INFORMATION SHOWN:
════════════════════

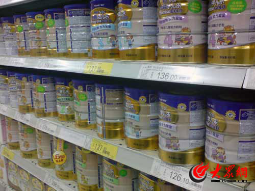 24日上午,記者在大潤(rùn)發(fā)歷下店和濟(jì)南銀座商城的奶粉柜臺(tái)看到,惠氏奶粉仍然擺在貨架上,價(jià)格也未發(fā) 生變化;而在家樂(lè)福超市,記者看到惠氏奶粉已經(jīng)被擺上了促銷柜臺(tái)的顯著位置,記者注意到,惠氏2段S26金 裝健兒樂(lè)900克聽(tīng)裝奶粉當(dāng)天售價(jià)仍然是178元,而惠氏3段S26金裝健兒樂(lè)900克聽(tīng)裝奶粉售價(jià)已從155.8元直降 到137.8元,降幅達(dá)到18元。銷售人員告訴記者,惠氏被曝光的事她已經(jīng)知道,但并未接到下架通知,盡管她表示惠氏降價(jià)與“結(jié)石門”無(wú)關(guān),但記者從價(jià)格標(biāo)簽上看到,降價(jià)銷售的標(biāo)簽是24日當(dāng)天新?lián)Q的;在沃爾瑪超市,記者看到惠氏同樣在降價(jià)促銷,降幅與家樂(lè)福相同。
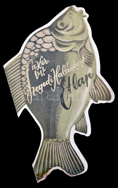 1958 A IX. kerület Szegedi Halászkert halformájú, kinyitható étlapja, ragasztott
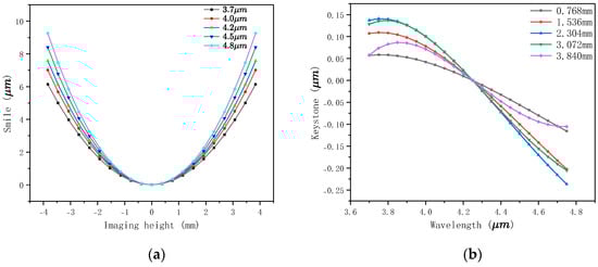 The variation curve of the system’s spectral smile with the image height is shown in Figure 14a, from which it can be seen that the spectral smile in the working band was always no more than 10 µm. The spectral smile increased with the increase in wavelength and field of view and was symmetric with respect to the center field of view. The variation curve of the system’s keystone with the wavelength is shown in Figure 14b. The keystone was always no more than 0.3 µm, and the spectral smile and keystone were both effectively controlled within one pixel size, which indicates that the optical performance of the system was not uniform. Both the spectral smile and keystone were effectively controlled within one image element size, indicating that the optical performance of the system met the expected design objectives.

════════════════════

WHAT THE EXERCISE ASKS: Give back the material exactly as written, images excluded.

RESULT BELOW:
 24日上午,記者在大潤(rùn)發(fā)歷下店和濟(jì)南銀座商城的奶粉柜臺(tái)看到,惠氏奶粉仍然擺在貨架上,價(jià)格也未發(fā) 生變化;而在家樂(lè)福超市,記者看到惠氏奶粉已經(jīng)被擺上了促銷柜臺(tái)的顯著位置,記者注意到,惠氏2段S26金 裝健兒樂(lè)900克聽(tīng)裝奶粉當(dāng)天售價(jià)仍然是178元,而惠氏3段S26金裝健兒樂(lè)900克聽(tīng)裝奶粉售價(jià)已從155.8元直降 到137.8元,降幅達(dá)到18元。銷售人員告訴記者,惠氏被曝光的事她已經(jīng)知道,但并未接到下架通知,盡管她表示惠氏降價(jià)與“結(jié)石門”無(wú)關(guān),但記者從價(jià)格標(biāo)簽上看到,降價(jià)銷售的標(biāo)簽是24日當(dāng)天新?lián)Q的;在沃爾瑪超市,記者看到惠氏同樣在降價(jià)促銷,降幅與家樂(lè)福相同。
 1958 A IX. kerület Szegedi Halászkert halformájú, kinyitható étlapja, ragasztott
 The variation curve of the system’s spectral smile with the image height is shown in Figure 14a, from which it can be seen that the spectral smile in the working band was always no more than 10 µm. The spectral smile increased with the increase in wavelength and field of view and was symmetric with respect to the center field of view. The variation curve of the system’s keystone with the wavelength is shown in Figure 14b. The keystone was always no more than 0.3 µm, and the spectral smile and keystone were both effectively controlled within one pixel size, which indicates that the optical performance of the system was not uniform. Both the spectral smile and keystone were effectively controlled within one image element size, indicating that the optical performance of the system met the expected design objectives.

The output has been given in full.